> EXERCISE INPUTS
══════

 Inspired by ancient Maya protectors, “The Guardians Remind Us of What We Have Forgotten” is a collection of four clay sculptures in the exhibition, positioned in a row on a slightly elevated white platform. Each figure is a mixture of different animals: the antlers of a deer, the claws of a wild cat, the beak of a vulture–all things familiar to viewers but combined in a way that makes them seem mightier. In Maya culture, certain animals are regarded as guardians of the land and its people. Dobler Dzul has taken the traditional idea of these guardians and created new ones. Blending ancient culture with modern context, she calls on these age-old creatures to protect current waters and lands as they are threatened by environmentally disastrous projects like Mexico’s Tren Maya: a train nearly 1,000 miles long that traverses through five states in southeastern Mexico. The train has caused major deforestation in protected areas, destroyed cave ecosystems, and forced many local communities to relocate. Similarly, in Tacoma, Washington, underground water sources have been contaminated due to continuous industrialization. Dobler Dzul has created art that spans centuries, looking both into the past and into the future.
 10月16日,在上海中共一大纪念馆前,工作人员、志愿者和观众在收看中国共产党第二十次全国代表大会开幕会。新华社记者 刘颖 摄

══════

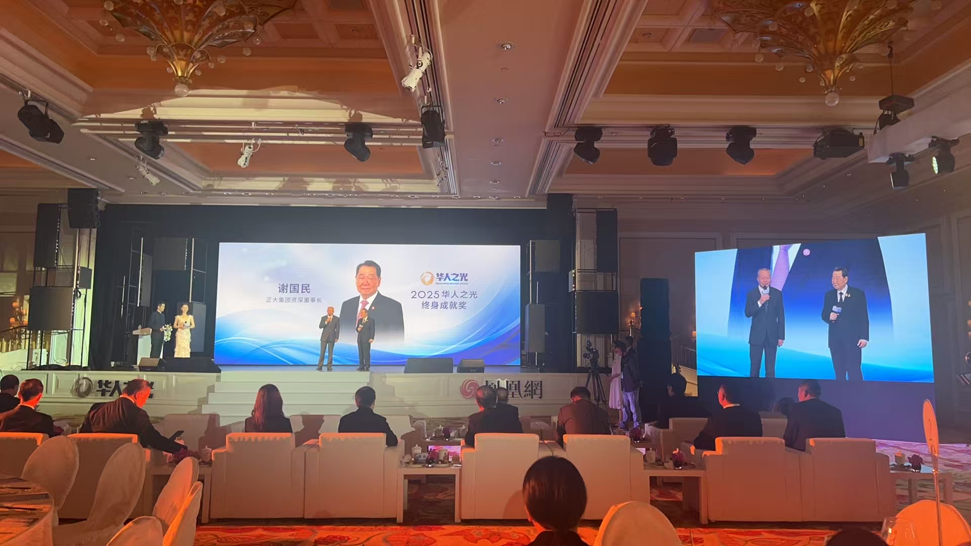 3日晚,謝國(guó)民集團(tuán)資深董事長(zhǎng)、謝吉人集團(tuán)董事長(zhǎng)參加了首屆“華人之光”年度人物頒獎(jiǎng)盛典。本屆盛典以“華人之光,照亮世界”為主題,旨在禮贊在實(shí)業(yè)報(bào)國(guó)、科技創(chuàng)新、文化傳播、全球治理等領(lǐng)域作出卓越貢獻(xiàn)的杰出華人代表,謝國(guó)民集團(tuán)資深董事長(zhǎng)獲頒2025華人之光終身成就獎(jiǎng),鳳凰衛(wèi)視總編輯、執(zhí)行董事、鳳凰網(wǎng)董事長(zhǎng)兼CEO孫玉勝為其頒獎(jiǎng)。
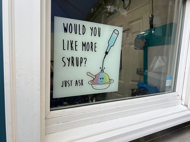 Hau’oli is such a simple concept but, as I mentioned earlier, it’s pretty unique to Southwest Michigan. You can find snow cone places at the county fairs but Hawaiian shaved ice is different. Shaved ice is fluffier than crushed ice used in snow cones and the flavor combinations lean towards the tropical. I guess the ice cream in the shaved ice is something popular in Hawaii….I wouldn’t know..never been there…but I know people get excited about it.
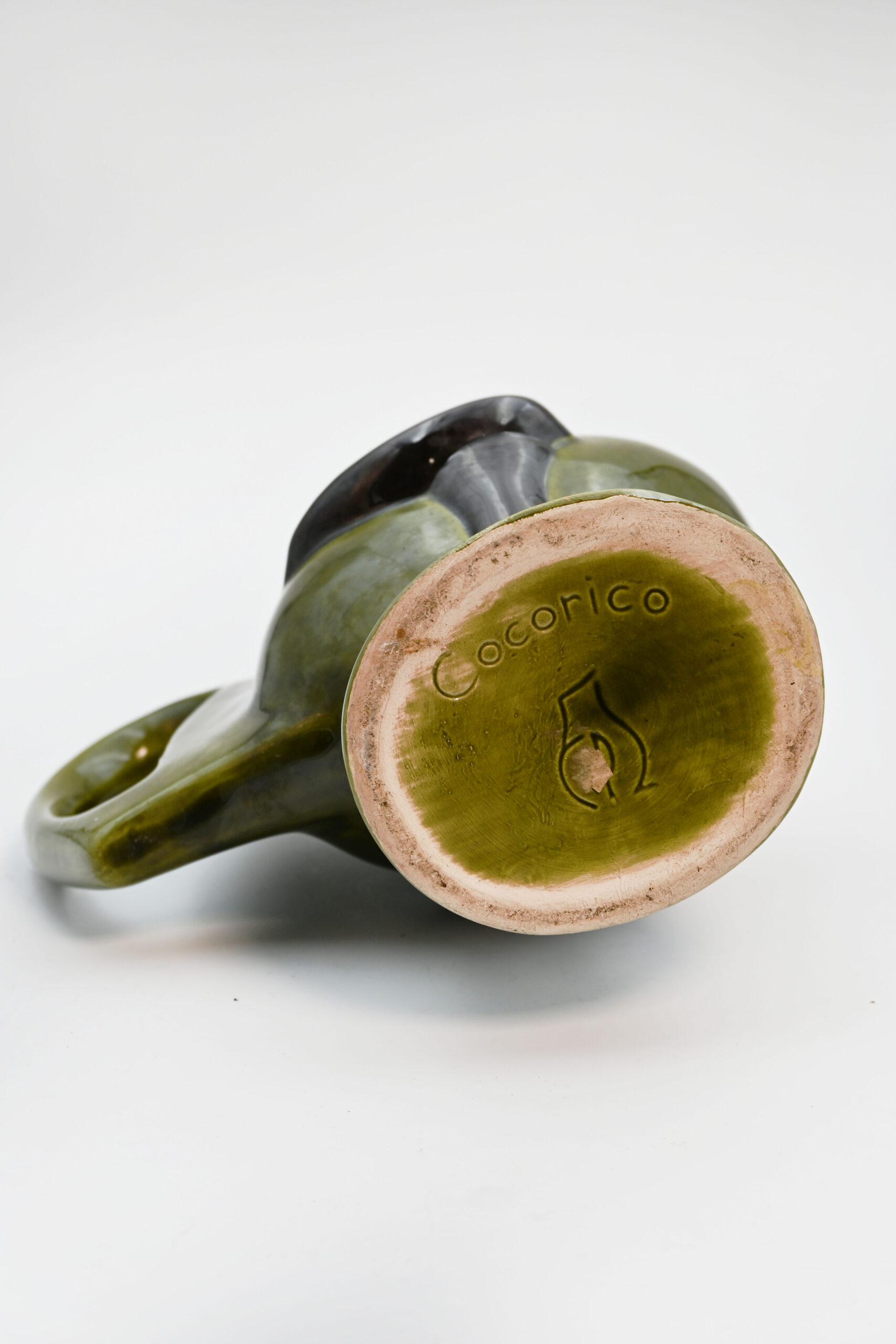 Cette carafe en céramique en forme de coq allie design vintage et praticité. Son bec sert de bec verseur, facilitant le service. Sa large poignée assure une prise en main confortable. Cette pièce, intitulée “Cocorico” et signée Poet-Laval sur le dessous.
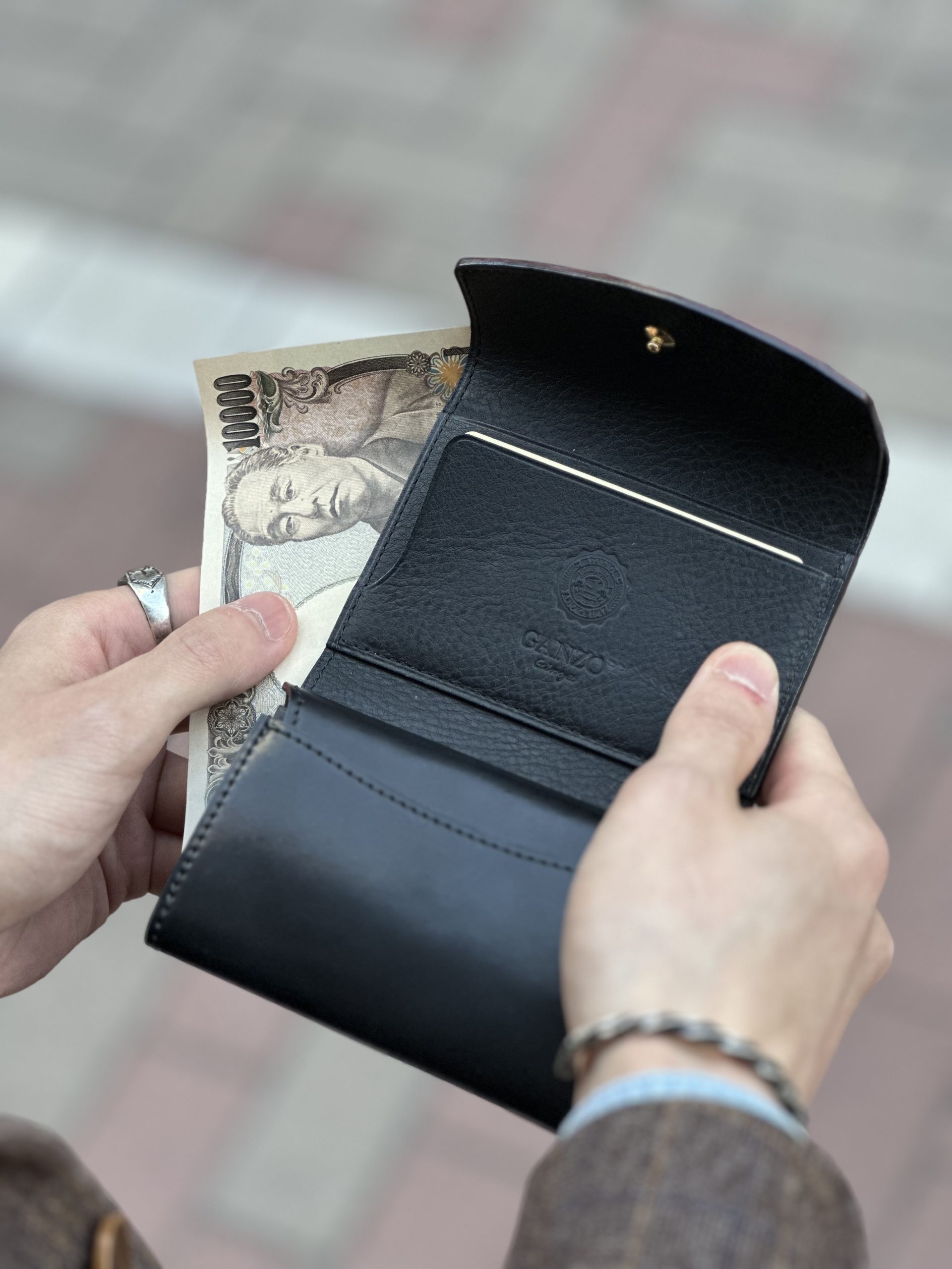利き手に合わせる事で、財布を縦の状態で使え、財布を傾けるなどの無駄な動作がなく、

══════

> EXERCISE INSTRUCTIONS
Give back exactly, and solely, the section of the data above bounded by the line containing "3日晚,謝國(guó)民集團" and the line containing "利き手に合わせる事で、財布を縦の状態で使え、財布を傾けるなどの無駄な動作がなく、", both bounding lines included and pictures omitted.

> RESPONSE TO THIS EXERCISE
 3日晚,謝國(guó)民集團(tuán)資深董事長(zhǎng)、謝吉人集團(tuán)董事長(zhǎng)參加了首屆“華人之光”年度人物頒獎(jiǎng)盛典。本屆盛典以“華人之光,照亮世界”為主題,旨在禮贊在實(shí)業(yè)報(bào)國(guó)、科技創(chuàng)新、文化傳播、全球治理等領(lǐng)域作出卓越貢獻(xiàn)的杰出華人代表,謝國(guó)民集團(tuán)資深董事長(zhǎng)獲頒2025華人之光終身成就獎(jiǎng),鳳凰衛(wèi)視總編輯、執(zhí)行董事、鳳凰網(wǎng)董事長(zhǎng)兼CEO孫玉勝為其頒獎(jiǎng)。
 Hau’oli is such a simple concept but, as I mentioned earlier, it’s pretty unique to Southwest Michigan. You can find snow cone places at the county fairs but Hawaiian shaved ice is different. Shaved ice is fluffier than crushed ice used in snow cones and the flavor combinations lean towards the tropical. I guess the ice cream in the shaved ice is something popular in Hawaii….I wouldn’t know..never been there…but I know people get excited about it.
 Cette carafe en céramique en forme de coq allie design vintage et praticité. Son bec sert de bec verseur, facilitant le service. Sa large poignée assure une prise en main confortable. Cette pièce, intitulée “Cocorico” et signée Poet-Laval sur le dessous.
利き手に合わせる事で、財布を縦の状態で使え、財布を傾けるなどの無駄な動作がなく、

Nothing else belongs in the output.